Contrarily to Andrew's advice, I don't recommend running such a script from Drupal in preview mode: it's slower and more memory hungry than running it alone, plus you'll get an awful mix between the text you want to extract and the Drupal interface surrounding it but not interpreted as HTML (because of the "text/plain" header). Place it in a PHP file at the root of your site and simply run it from your browser (or the CLI).

Here's the beast:

<?php
# Comment the following two lines if you want to run this script from within Drupal
include_once './includes/bootstrap.inc';
drupal_bootstrap(DRUPAL_BOOTSTRAP_FULL);
header('Content-type: text/plain');
# Adapt the WHERE clause of this query to your own content and needs
$nids = db_query("select distinct n.nid from {node} n WHERE n.type = 'article'");
while ($node = node_load(db_fetch_object($nids)->nid, NULL, TRUE)) {
  print "AUTHOR: ".$node->name."\n";
  print "TITLE: ".$node->title."\n";
  print "STATUS: ".($node->status?"Publish":"Draft")."\n";
  print "ALLOW COMMENTS: ".($node->comment>0)."\n";
  print "CONVERT BREAKS: richtext\n";
  print "ALLOW PINGS: ".($node->comment>0)."\n";
  print "DATE: ".strftime("%m/%d/%Y %I:%M:%S %p", $node->created)."\n";
  foreach ($node->taxonomy as $vid => $term) {
    print "CATEGORY: ".$term->name."\n";
  }
  $tag = array();
  foreach ($node->category as $category) {
    $tag[] = $category->title;
  }
  print "TAGS: ".implode(",", $tag)."\n";
  print "-----\n";
  print "BODY:\n";
  print $node->body."\n";
# uncomment the following block if you want to search by node number/URL
/*
  print "-----\n";
  print "KEYWORDS:\n";
  print "/node/".$node->nid.",".url('node/'.$node->nid)."\n";
*/
  $comments = db_query("select * from {comments} c where c.nid = %d", $node->nid);
  while ($comment = db_fetch_object($comments)) {
    print "-----\n";
    print "COMMENT:\n";
    print "AUTHOR: ".$comment->name."\n";
    print "EMAIL: ".$comment->mail."\n";
    print "IP: ".$comment->hostname."\n";
    print "URL: ".$comment->homepage."\n";
    print "DATE: ".strftime("%m/%d/%Y %I:%M:%S %p", $comment->timestamp)."\n";
# Uncomment the following line if you want to keep comments titles
#    print "SUBJECT: ".$comment->subject."\n";
    print $comment->comment."\n";
  }
  print "--------\n";
}
?>

You'll have to:
  • adapt the WHERE clause of the first query to select the nodes you really want to extract
  • possibly add "EXCERPT :" and "EXTENDED BODY: " if you make use of excerpts and teasers
  • uncomment the "SUBJECT: " line if you really want to keep the comments titles.

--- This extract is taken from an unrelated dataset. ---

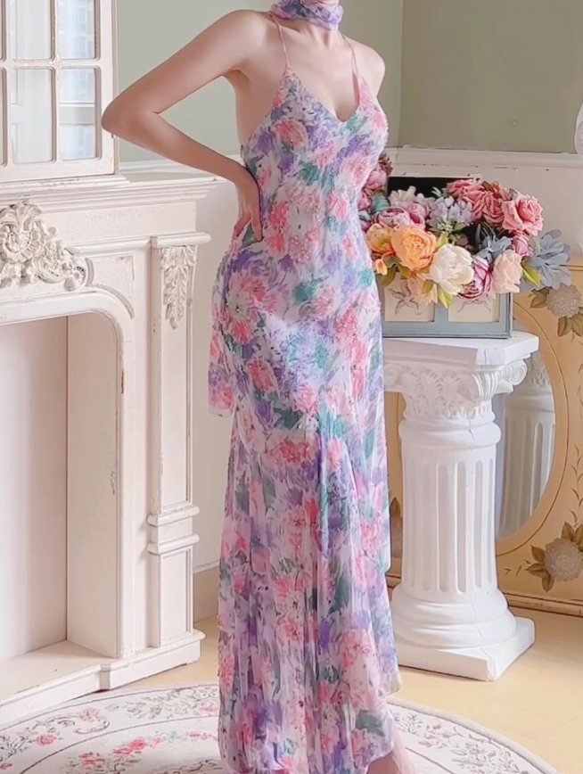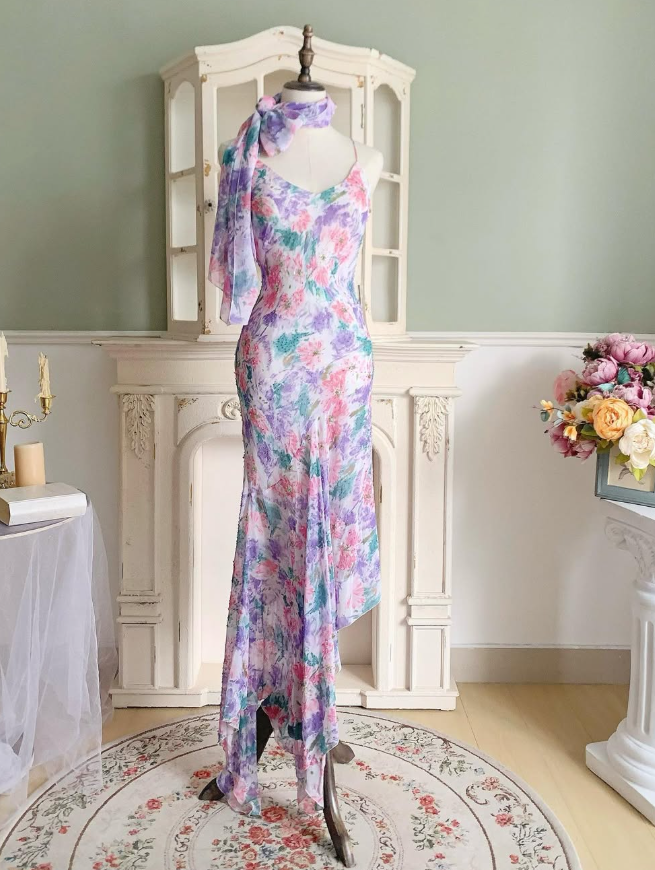 Purple Vintage Mermaid Spaghetti Strap Beaded Print Floral Chiffon Party Dress Prom Dress HZ1023

I commented it by default, as I find this ugly and useless in MT (strangely MT supports this metadata in the import format, but there's no such thing as a comment title in MT, so the title is prepended to the comment text with a big SUBJECT in front of it, something you certainly don't want if your blog isn't in English)
  • comment out the first two lines if you really want to run this from within Drupal

You may have to modify the AUTHOR output if you need to map existing authors in MT. MT expects the user name here, not the display name. If the authors do not exist, MT will create them on the fly during the import. Likewise, categories and tags will be created on the fly at import time if they don't exist already.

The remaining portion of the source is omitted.